----- Given data
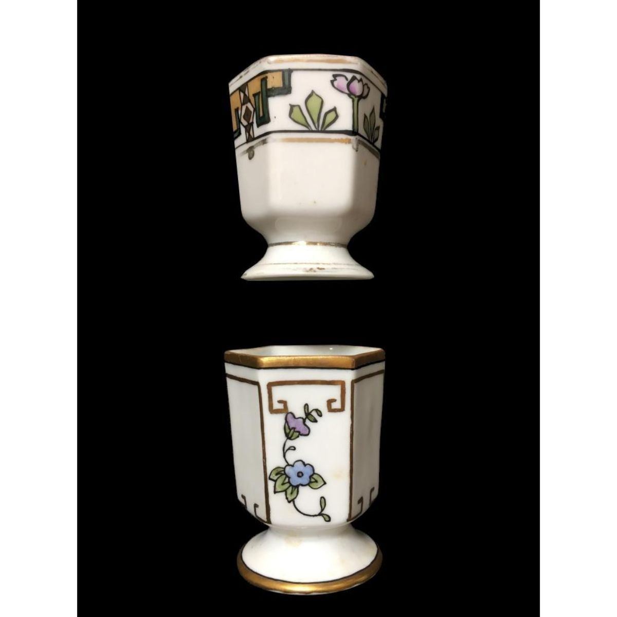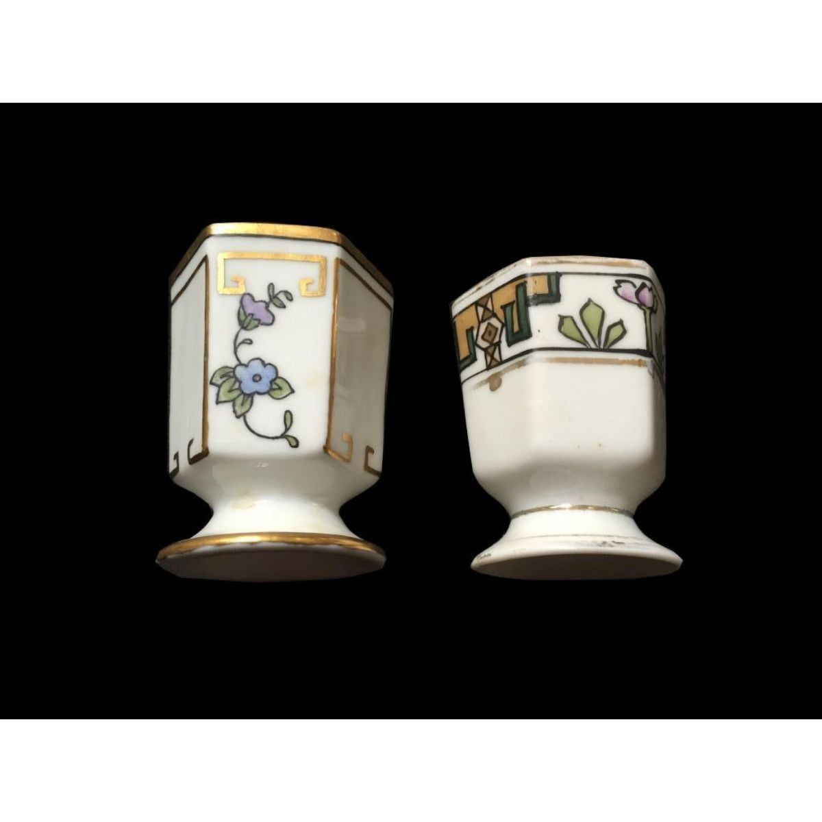 Vintage, Art Deco era porcelain polygon-shaped vases, toothpick holders, cups. Floral with gold pattern. Unmarked. 2 3/8" H X 1 3/4" D & 2 1/4" H X 1 3/4" D.
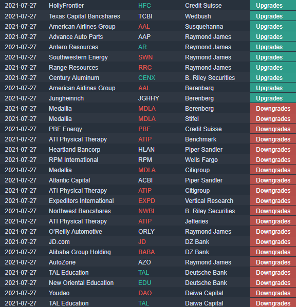American Airlines (AAL) upgraded by Susquehanna and Berenberg.
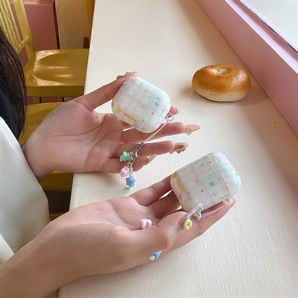 Case Airpod Ngôi Sao Xanh + Móc Gấu -3
----------
→ **Exercise objective**
Recreate the listing above word for word, dropping each picture it contains.

→ **Result of the exercise**
 Vintage, Art Deco era porcelain polygon-shaped vases, toothpick holders, cups. Floral with gold pattern. Unmarked. 2 3/8" H X 1 3/4" D & 2 1/4" H X 1 3/4" D.
American Airlines (AAL) upgraded by Susquehanna and Berenberg.
 Case Airpod Ngôi Sao Xanh + Móc Gấu -3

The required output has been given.